TIM: One thing I've also seen recently is an extension of this type of analysis but within a company or within an organization on promotions, so not necessarily the hiring decision but whether or not someone gets promoted. I saw recently someone in my network did a very comprehensive analysis over 20 years of Australian public service promotions. It's 100,000 data points, the entire population, and they found what I could only describe as catastrophic bias against people from English as a second language background, especially Asian Australians, whereby if you're in that group, your odds of getting a promotion, controlling for so many other relevant factors like the number of years of experience you have, your performance reviews, your education level, your language skills, like all the obvious things you'd think of, they control for. They're economists who are econometricians who are doing the research so that they know their stats, and just, yeah, having looked at all that, they just found this straight-up ridiculous level of bias, so it's not just in the hiring position; it's also, unfortunately, sometimes in the organization as well.

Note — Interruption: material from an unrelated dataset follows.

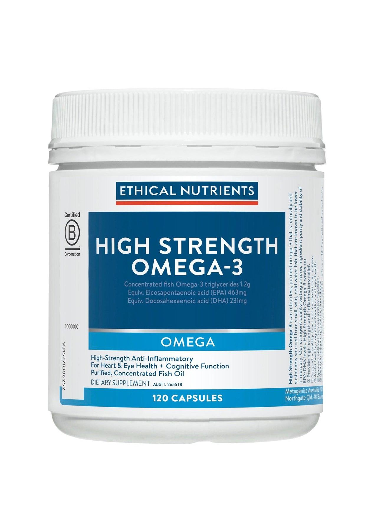 Description Ethical Nutrients High Strength Omega-3 for heart and eye health + cognitive function. High Strength Omega-3 is an odourless, purified omega-3 that is naturally and sustainably sourced from small, wild, cold water fish,that are known to be lower in mercury. Our stringent quality testing ensures ingredient purity and stability of EPA/DHA levels. High Strength Omega-3 works to: Provide high-strength anti-inflammatory relief.Support a healthy heart and cardiovascular system.Assist healthy cognitive function and eye health.Support optimal nervous system function.Maintain a balance of healthy blood lipids.Oils derived from fish have been used to relieve mild rheumatic aches and pains in Traditional Naturopathic medicine.Support a healthy pregnancy.Ethical Nutrients sources naturally from ocean fresh, wild fish and combines state of the art freshness and purification techniques, testing for pesticides and heavy metals includinglead, mercury and arsenic to produce a high quality, stable fish oil range for you and your family. Ingredients Each capsule contains:Concentrated Fish Omega-3 Triglycerides 1.2 g.Equiv. Eicosapentaenoic Acid (EPA) 463 mg.Equiv. Docosahexaenoic Acid (DHA) 231 mg. Suggested Use To relieve inflammation, support the nervous system, and maintain healthy blood lipids: Take 1 capsule twice daily with food.To maintain cardiovascular and heart health: Take 1 capsule daily with food.To support pregnancy: Take 1 capsule daily with food.Or take as directed by a healthcare professional. Children 2 - 12 years: Take Ethical Nutrients High Strength Omega-3 Fresh Mint or Fruit Punch or High Strength Omega-3 Kids. Additional Product Information Warnings If symptoms persist consult your healthcare professional. Do not use if cap and/or bottle seals are missing or broken. Contain Fish
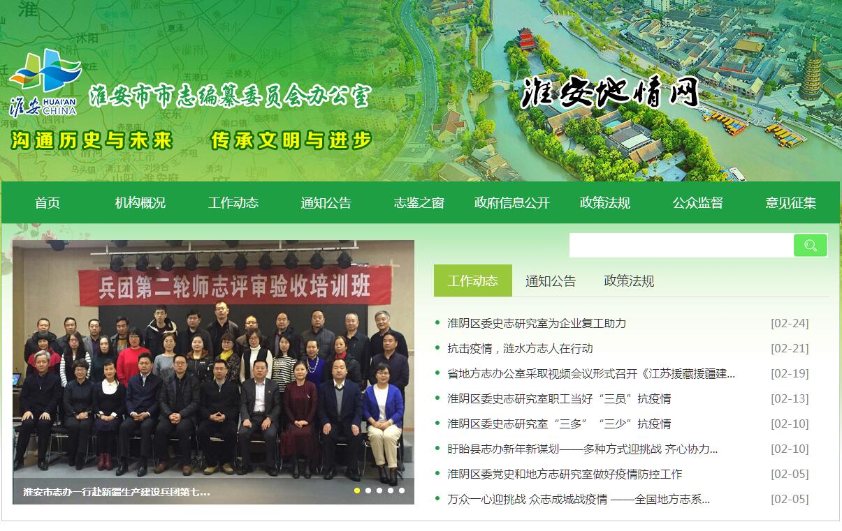 | 网站简介: 淮安市地方志办公室(淮安市市志办)全称为淮安市市志编纂委员会办公室,成立于1986年,现为市政府直属参照管理事业单位。淮安市市志办致力于淮安地方志、年鉴编纂出版,旧志整理,运河文化研究等工作,截止2015年底,先后出版《淮阴市志》《洪泽湖志》等地情书籍20余种,连续出版《淮安年鉴》21卷,点校整理旧志文献19种,单位数次被评为全国和全省方志系统先进集体,成果多次在国家级、省级评比中获奖。目前,淮安市市志办下设有秘书处、方志处、年鉴处,以及大运河文化研究中心办公室。淮安市地方志办公室是市政府直属参照管理事业单位。主要履行下列职责:一、组织、指导、督促和检查全市地方志工作;二、拟定全市地方志工作规划和编纂方案;三、组织编纂《淮安市志》、《淮安年鉴》;四、搜集、保存地方志文献和资料,组织整理旧志,推动方志理论研究;五、组织开发利用地方志资源;六、负责地情研究、宣传工作;七、负责承办省地方志办公室下达的各项任务;八、为领导决策和涉及全市社会经济发展的相关内容提供历史性、可行性与前瞻性论证和咨询服务,并逐步向全社会提供多方面的地方信息服务。承办市委、市政府交办的其他事项。 |

PAUL: I think there's a lot of politics involved in these decisions anyway. I think they're not, or probably to a smaller degree than we would like to skill-based or performance-based. Much of this is also a political decision. Be it who you would like to see take the reins of a company or lead a certain group within your organization Totally, that's not neutral, so I imagine I don't find it very hard to imagine that's the case, and I think there's also, yeah, some glass ceiling for women traditionally across organizations, so I think we've documented many of these throughout, and like I say, no surprise. And it could be that I could help to counter this right to provide a more neutral voice in the room, still maybe not unbiased but a more neutral voice than the other ones in the room that make that decision to the point where, you know, it might actually turn the decision to a different candidate. And yeah, it definitely sounds like a promising application because, like I say, it can hardly get worse.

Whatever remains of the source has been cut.